Mando does not believe him at first because he says the Hutts would have told him.
No they would not.
They are Hutts.
They are mobsters.
They were using him.
Why would they tell him everything before he brought back Rotta?
That is one of those moments where the writing makes Din look weirdly naive for someone who has spent his entire life dealing with criminals.
Then Embo shows up and kidnaps Mando, because again, Dave Filoni cannot help himself.
The Hutts capture Mando, remove his helmet, and act like this is going to dishonor him forever.
Except this stopped mattering years ago.
Din has had his helmet removed multiple times by this point. This would have been a devastating threat in Season 1. Here, it just feels like the Hutts are several seasons behind.
They throw Mando into a water pit where he fights snake creatures and a giant underwater monster. He gets bitten and poisoned.

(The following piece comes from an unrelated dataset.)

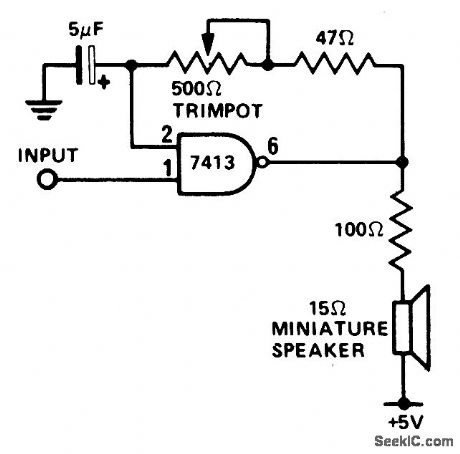 This circuit is useful for monitoring slow logic pulses as a keying monitor or digital clock alarm. The Schmitt trigger is connected as an oscillator. The trimpot controls the pitch of the output. When the input goes high, the circuit will oscillate.

Then Grogu and the Babu Frik aliens show up to rescue him.
And this is where the movie grinds to a halt.
Mando escapes but collapses from the poison. Grogu finds him, heals the wound a little with the Force, and then has to keep him alive.
So we get the long Grogu survival section.
Grogu builds a mud hut.
Mando is too long for it.
Grogu uses the Force to shove him inside.

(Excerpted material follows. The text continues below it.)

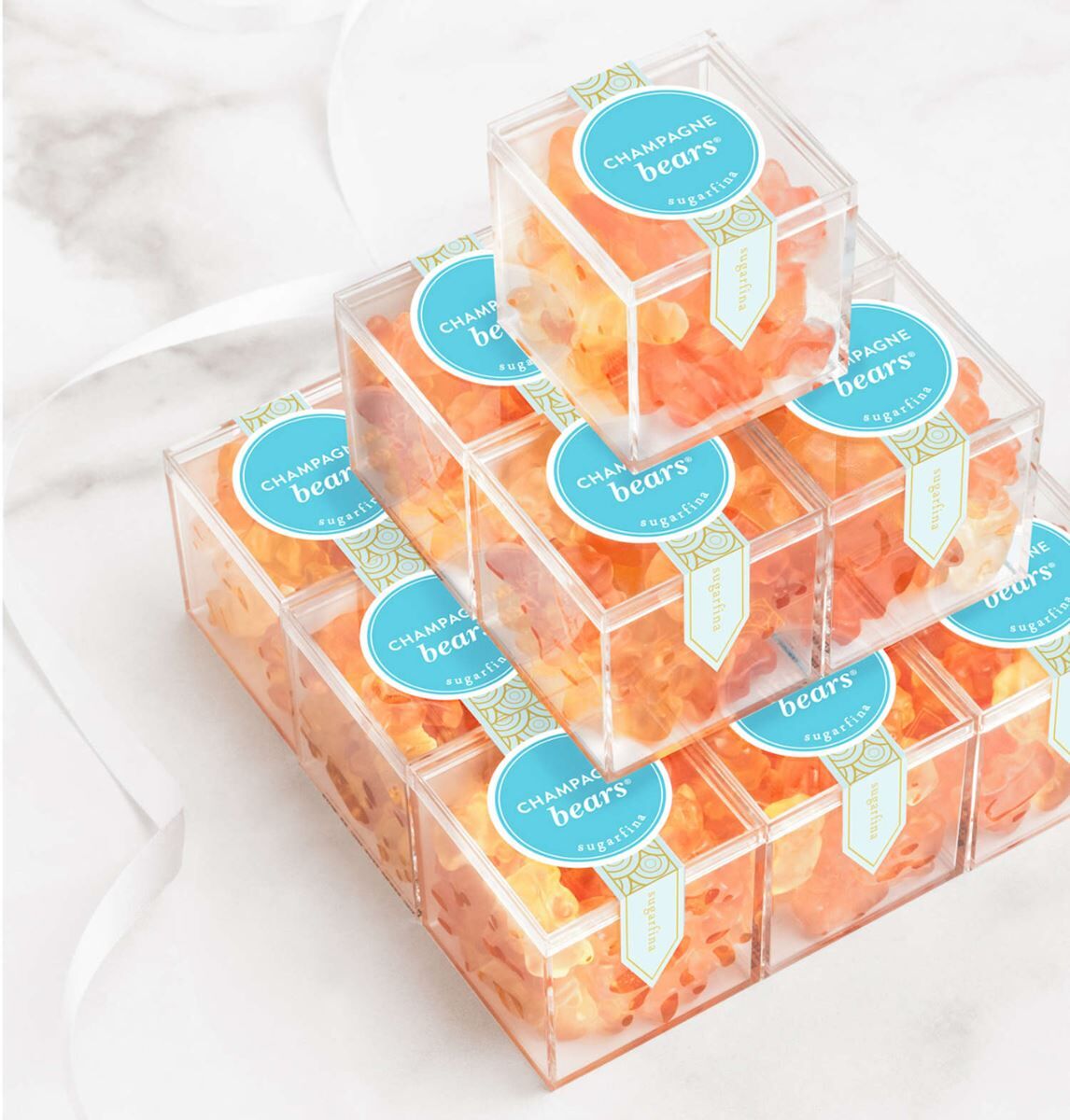 Open one drawer and you might land in Germany, home base for some of Sugarfina’s most famous gummies. Their iconic Champagne Bears — made with real Dom Pérignon Vintage Champagne — are imported from Germany and sparkle in brut and rosé. Peach Bellini hearts, also handcrafted in Germany, borrow their spirit from a Venetian cocktail but keep their precision from German candy engineering: juicy peach flavor, dusted in sweet-and-sour crystals, shaped into perfect little hearts.

Mando’s helmet keeps banging against the hut.
His feet stick out.
Grogu covers the feet with leaves.
Ha ha.
Funny.
Then Grogu gathers water, feeds Mando, steals fish from an old swamp guy, gets eaten by a frog, gets spit back out, and eventually gets medicine from the old man.
And I am sitting there thinking:
This is the third act?
This is what Disney thought should be in theaters?
A baby doing errands?
Eventually Grogu gets the medicine back to Mando, and Mando wakes up. They decide they can either run forever from the Hutts or go back and fight.
They go back to the Hutt palace, rescue Rotta, and fight the droids. Embo is there too, because of course he is.
Rotta is freed, the Hutt Twins attack, and during the chaos they end up falling into the grate. They demand Embo save them, but Embo and his dog just leave.
The Hutt Twins then get eaten by the giant snake creature.
And honestly?
Good.
I did not care about those two anyway.
The New Republic finally shows up after the Babu Frik aliens bring them in. Colonel Ward and the pilots prepare to blow up the palace. Mando, Grogu, and Rotta escape through a secret hatch and jump into the water before the palace explodes.
They survive.
Zeb picks them up.
Rotta decides he does not want to become another Jabba and may join the New Republic. Even Din basically tells him not to take this the wrong way, but he probably will not fit in.
And he is not wrong.
Then Mando and Grogu leave.
At the end, Din lets Grogu sit on his lap and press the hyperspace button, which is supposed to show growth from the beginning where Grogu was told not to press buttons.
And that is the movie.
No Thrawn.
No huge twist.
No major setup.
No galaxy-changing event.
No massive emotional payoff.
Just Rotta is free now.
And somehow Disney decided that was the story that would bring Star Wars back to theaters.
Oh yeah I completely forgot Toy Story 5 is happening, good god, I guess I’ll review that as well, stop it Disney!
Wow this doesn’t feel or look like a story thats needing to be told, bur instead manufactured by a committee.